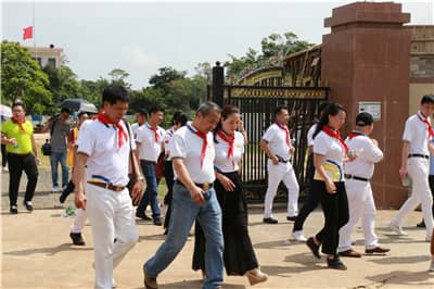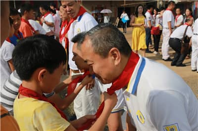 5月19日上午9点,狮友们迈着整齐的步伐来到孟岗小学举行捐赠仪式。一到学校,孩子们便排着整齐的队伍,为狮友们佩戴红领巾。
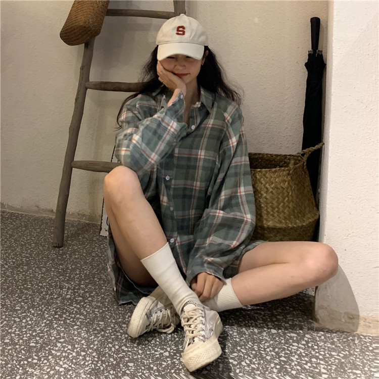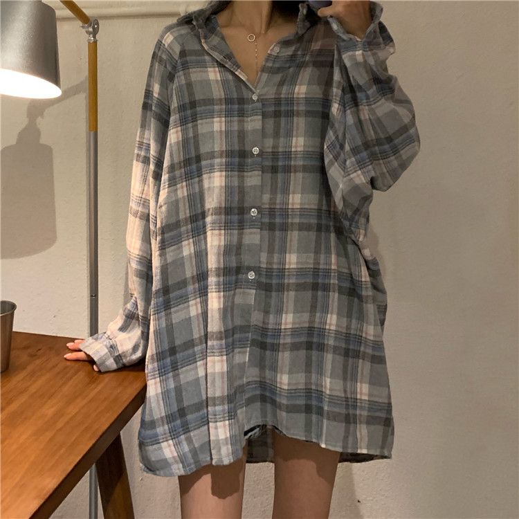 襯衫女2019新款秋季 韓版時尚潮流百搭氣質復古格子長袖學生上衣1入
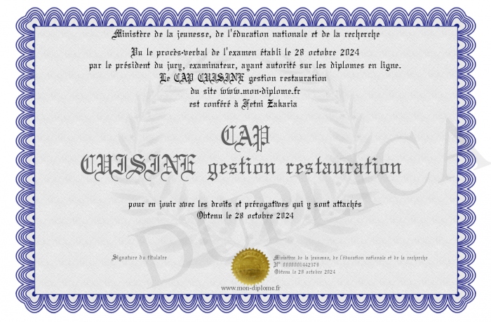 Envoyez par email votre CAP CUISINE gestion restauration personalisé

# Exercise aim
Restate the whole listing exactly as written, minus the pictures.

# Written solution
 5月19日上午9点,狮友们迈着整齐的步伐来到孟岗小学举行捐赠仪式。一到学校,孩子们便排着整齐的队伍,为狮友们佩戴红领巾。
 襯衫女2019新款秋季 韓版時尚潮流百搭氣質復古格子長袖學生上衣1入
 Envoyez par email votre CAP CUISINE gestion restauration personalisé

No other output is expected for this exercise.